Напившись крепкого чая со сгущёнкой и подняв свой жизненный тонус, мы прошлись по дому. В центре располагалась кают-компания, меблированная, скажем прямо, без особого шика: большой обеденный стол, откидная скамья и шеренга стульев, два ряда книжных полок и доска объявлений. Вокруг кают-компании в крохотных каморках разместились научные лаборатории, радиостанция, медпункт (они же одновременно жилые комнаты с двухэтажными нарами), оборудованный электроплитой камбуз размером с кухоньку малогабаритной квартиры, такой же площади баня и холл с двумя умывальниками, он же курилка и комната отдыха. Сбоку прилепились лаборатория магнитолога, дизельная электростанция и холодный склад. Таких скромных жилищных условий я не видел, пожалуй, ни на одной полярной станции.

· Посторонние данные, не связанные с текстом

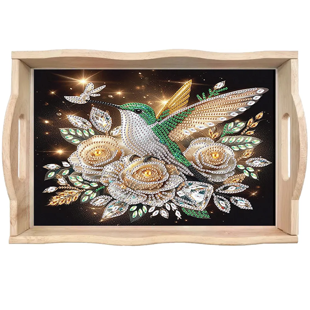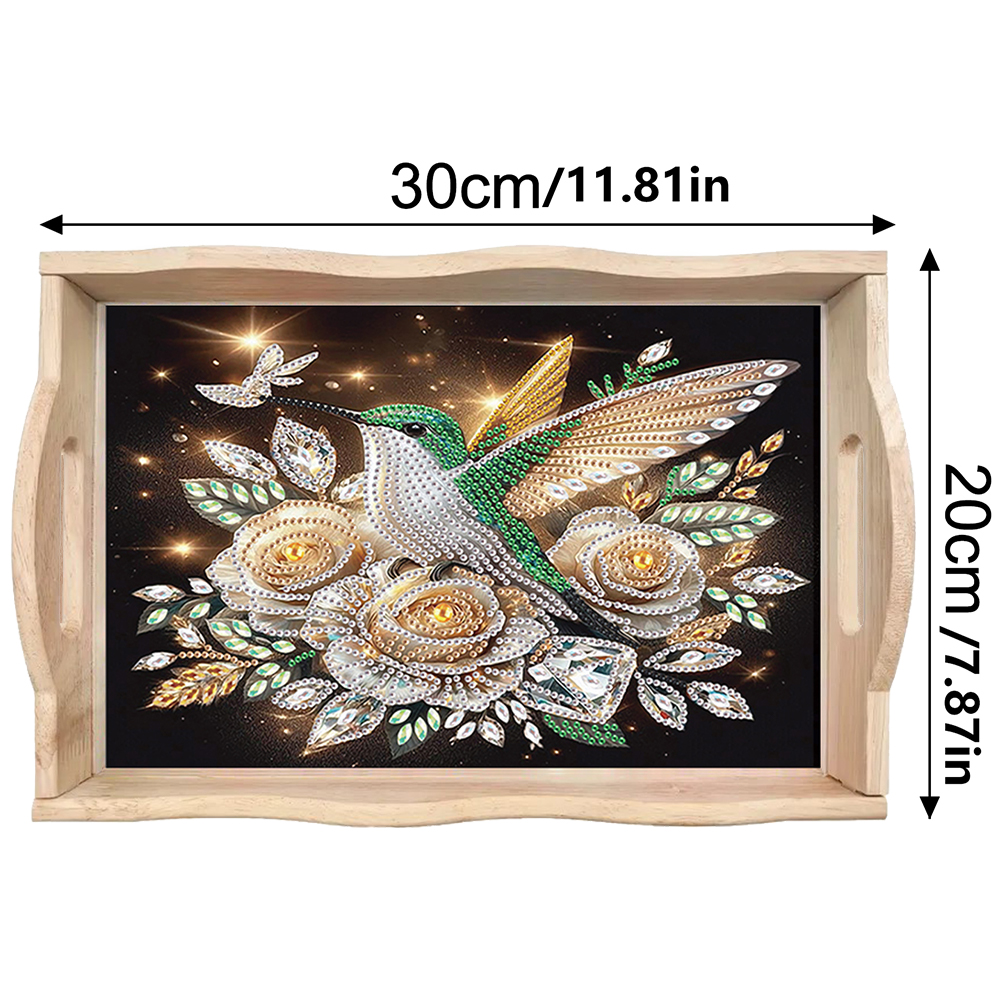 5D DIY Flower Hummingbird Diamond Painting Wooden Serving Tray with Handle for Desk
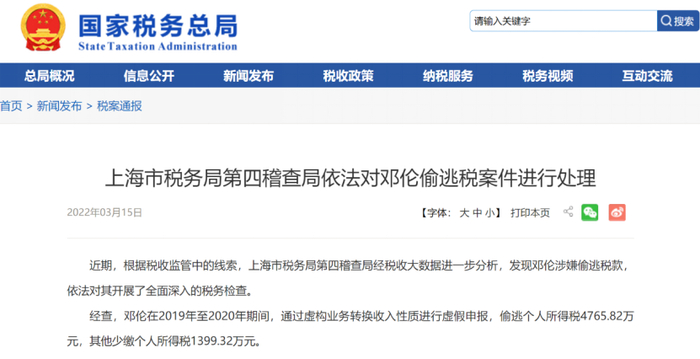 3月15日,国家税务总局发布消息称,近期,根据税收监管中的线索,上海市税务局第四稽查局经税收大数据进一步分析,发现演员邓伦涉嫌偷逃税款,依法对其开展了全面深入的税务检查。
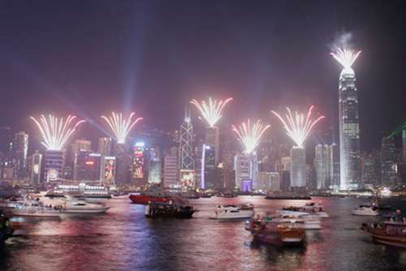 二十三時五十九分,行政長官曾蔭權(quán)在尖沙嘴文化中心啟動倒計時儀式。二00七年的最后二十秒,國金二期北面外墻兩側(cè)由三十二層起依次向上燃放焰火,火樹銀花照耀整個維港;合和中心、AIG大廈、長江集團中心及東企業(yè)廣場四棟大廈,外墻同時顯示倒計時時間,停泊在維港的滅火輪則向海面噴射多樣的水花……
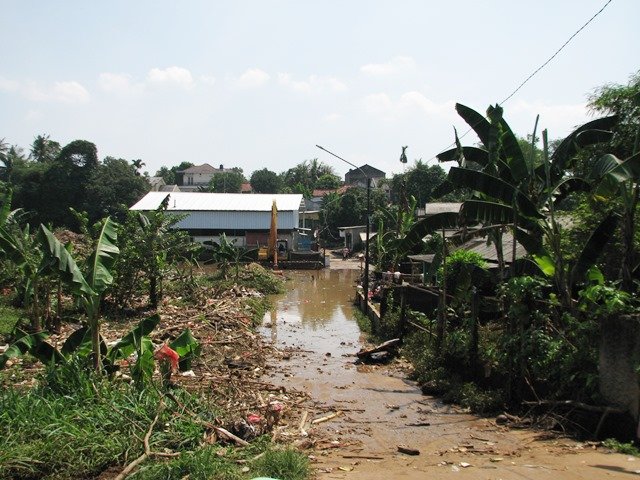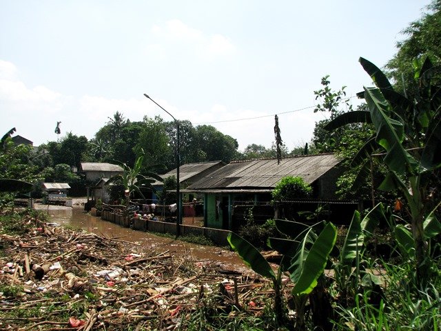 Kondisi ini diperparah dengan tumpukan sampah yang terbawa aliran air dan tersangkut di jembatan, dan juga badan kali mengalami penyempitan karena longsornya turap Tempat Pembuangan Akhir (TPA) Cipayung di bagian hilir jembatan. Aliran air akhirnya tersendat dan meluber ke tepian kali, selain jalan dan rumah, air juga merendam kebun-kebun tempat pemeliharaan sapi, hingga kamis siang permukaan air masih tinggi.(Hendra**)
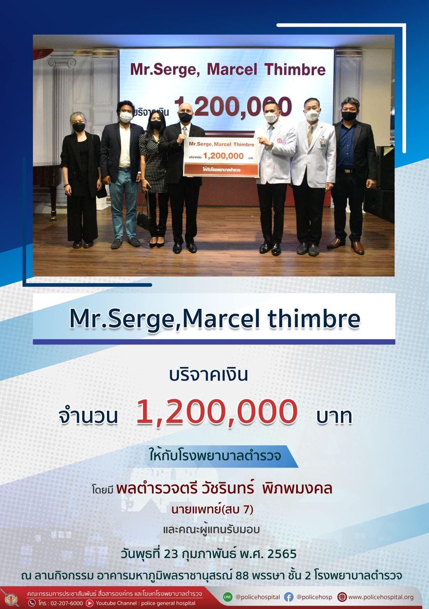 เมื่อวันพุธที่ 23 กุมภาพันธ์ พ.ศ. 2564 Mr.Serge, Marcel Thimbre บริจาคเงิน 1,200,000 บาท ให้โรงพยาบาลตำรวจ โดยมี พลตำรวจตรี วัชรินทร์ พิภพมงคล นายแพทย์(สบ 7) และคณะเป็นผู้แทนรับมอบ ณ ลานกิจกรรม อาคารมหาภูมิพลราชานุสรณ์ 88 พรรษา ชั้น 2 โรงพยาบาลตำรวจ
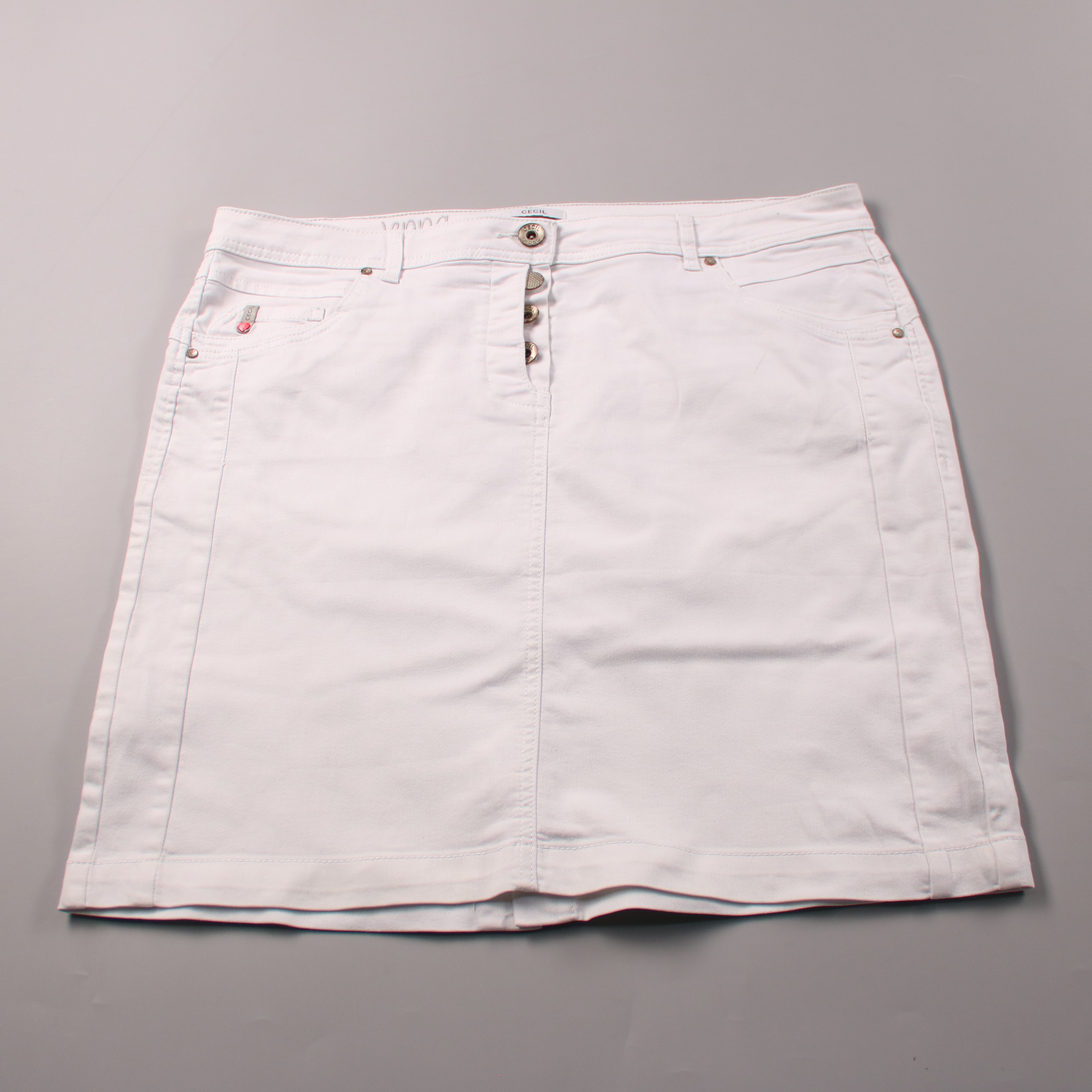 Белая юбка CECIL из хлопкового стрейч-денима с застёжкой на пуговицах спереди и карманами. Подойдёт для летних повседневных образов и отдыха, легко сочетается с футболками и рубашками. Практичный плюс — тянущаяся ткань комфортно садится по фигуре.
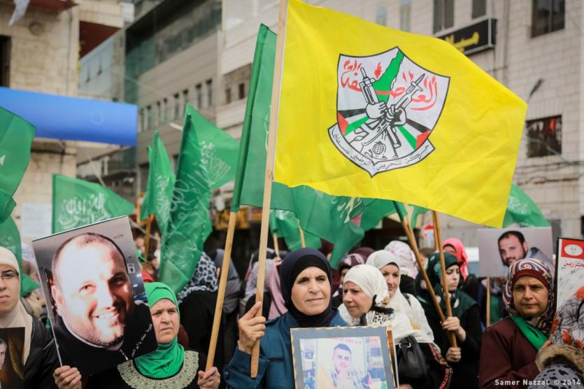 رايات فتح تعانق رايات حماس وسط رام الله خلال فعالية مساندة للأسرى المضربين عن الطعام
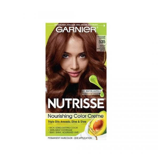Garnier Nutrisse Medium Golden Mahogany Brown 535 (Chocolate Caramel) is a medium brown shade with both golden tones and red reflects to create a rich, warm result. Shade 535 (Chocolate Caramel) provides 100% gray coverage and is best for anyone with natural hair between light brown and black.
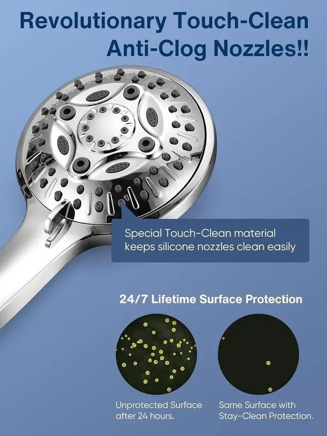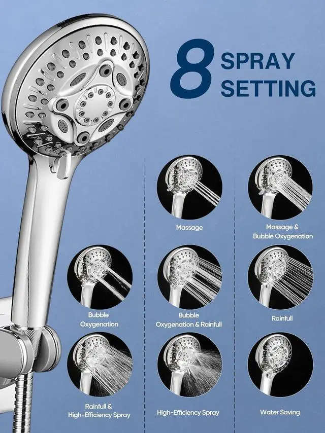 8 Spray Modes Handheld Shower HeadHeemli handheld shower head is different from regular shower head as it comes with 8 spray modes, which gives you a different shower experience. To meet the needs of the whole family at the same time you just need to switch between them at the touch of a button.
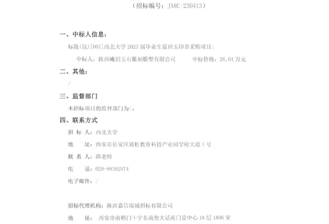 云博app官方在线入口2023届毕业生蓝田玉印章采购项目成交结果公告 作者: 编辑:采购与招标办公室 时间:2023-05-05 原公告链接:http://bulletin.sntba.com/resultBulletin/2023-05-05/554805.html
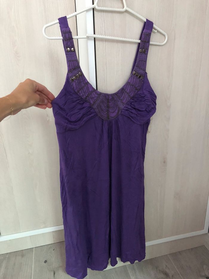 tunique robe violette avec chaînette taille L/XL deux petites chaînettes se sont décrochés sur le devant voir photo
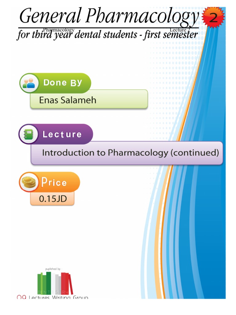 Lecture 2, Introduction To Pharmacology Continued. (Script)

— С трудом представляю, где мы здесь будем принимать ансамбль Игоря Моисеева, — высказался Фищев. — Придётся, видимо, отменить гастроли.
В последующие недели я не раз слышал, как ребята подшучивали над своими «комфортабельными люксами», отличающимися от купе вагона тем, что жить в них нужно было не день в не два, а целый год; посмеивались над кают-компанией, в проходе которой трудно было разойтись двоим, над холлом, в котором могли одновременно находиться пять-шесть человек. Но в шутках этих была гордость за свою миниатюрную, крепко сбитую станцию, с её рациональнейшей теснотой, станцию, построенную с таким расчётом, чтобы не пропала ни одна калория тепла. Кажется, Амундсен говорил, что единственное, к чему нельзя привыкнуть, это холод, а на Востоке холод космический и, чтобы не пустить его в дом, нужно поддерживать самое дорогостоящее в мире тепло: каждый килограмм груза, доставленный на Восток, обходится в десять рублей!
— Одевайтесь, товарищи экскурсанты, — предложил Агафонов. — Продолжим осмотр на свежем воздухе.
Стояло знойное восточное лето — минус тридцать пять градусов в тени. Под солнцем, катившимся по безоблачному небу, сверкал непорочно белый снег. От этой нескончаемой белизны слезились глаза, даже солнцезащитные очки не спасали от обилия света. Белый снег и тёмные пятна жилья — можно было запросто обойтись без цветной фотоплёнки. Разве что на людях оранжевые каэшки — чтобы легче различать на белом фоне, если придётся искать пропавшего товарища.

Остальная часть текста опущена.